ESSENTIALS OF DRAFTING

ESSENTIALS OF DRAFTING

 


Why to Draft?

A draft serves as a checklist to evaluate all the basic requirements of your-to-do-list.  When you draft an agreement to be legally enforceable it becomes a contract.

Benefits of Drafting a Contract:

Prevents Misunderstandings and Disputes,

Reduces risk of dispute relating to payment and work performed under the Contract

Security of: work done, to be done, other considerations

Protects Rights and Contractual Relations of the parties, etc

What is a contract?

A contract is formed when a legally capable person makes an offer and the other legally capable person accepts the offer, with a legal consideration monetary or non-monetary involved.

In order to make a contract, there should be an agreement which must include valid consideration. That is at least two parties having the legal capacity to contract must contribute a to the agreement such as money, labor, a return promise, etc. to each other with their free consent for a legal objective (i.e. the object which is not forbidden by law or fraudulent or leads to injury to a person or property or is immoral or against the public policy).

That is to say a contract is an agreement which describes rights, obligations, liabilities etc of the parties, between the parties to perform a lawful object and is enforceable by law.

What is legal capacity of a person to contract?

As per Section 11 of the Indian Contract Act, 1872 Who are competent to contract?

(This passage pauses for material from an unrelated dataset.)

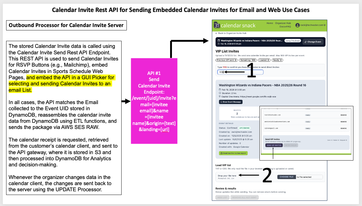 The button triggers the OUTBOUND processor, which houses the Lambda Logic and workflow for the REST API that packages the Calendar Invite UID data, sends a correct Calendar invite via the AWS SES RAW API to each email address on the list, and REQUESTS a calendar receipt for tracking back to the API gateway.

Every person is competent to contract who is-

1.      Of the age of majority according to the law to which he is subject,

2.      Who is of sound mind,

3.      who is not disqualified from contracting by any law

What is Free Consent, in a Contract?

As per Section 14 of the Indian Contract Act, Free Consent means when the parties to the contract voluntarily agree on similar things in the similar sense. Consent is considered to be free when it is not caused by:

Coercion

Undue Influence

Fraud

Mis- representation

Mistake



SOME INPORTANT POINTS IN A CONTRACT

a)     DefiningParties

The parties to the agreement should be properly defined that is the name, age, father’s name, address. In case a company is an artificial legal person i.e. a company, partnership, body corporate etc. in that case the name, year of incorporation, registered office address and authorized representative of such artificial legal person should be properly described

b)     Assignment Clause

The agreement may contain an assignment clause allowing the other party to substitute another party to perform the contractual obligations. It requires the assignment to be effective only with other party’s approval, and assuring availability of appropriate recourse against one or both parties for failure to deliver

c)     Obligations of the parties

The contract must adequately specify the obligation of both of the parties. Think through what one wants to be delivered as a product/service, and how progress will be measured how the consideration be paid, the pre requisites to the contract and tied to the obligation, so that interest of none of the party is affected.

d)     PaymentTerms

Requirement of prepayment, if any, is to be clearly brought out. When does the contract require the party to pay? Pay in advance fully or partly or await performance? or to make payments matching progress of deliveries if the contract calls for performance over a period of time.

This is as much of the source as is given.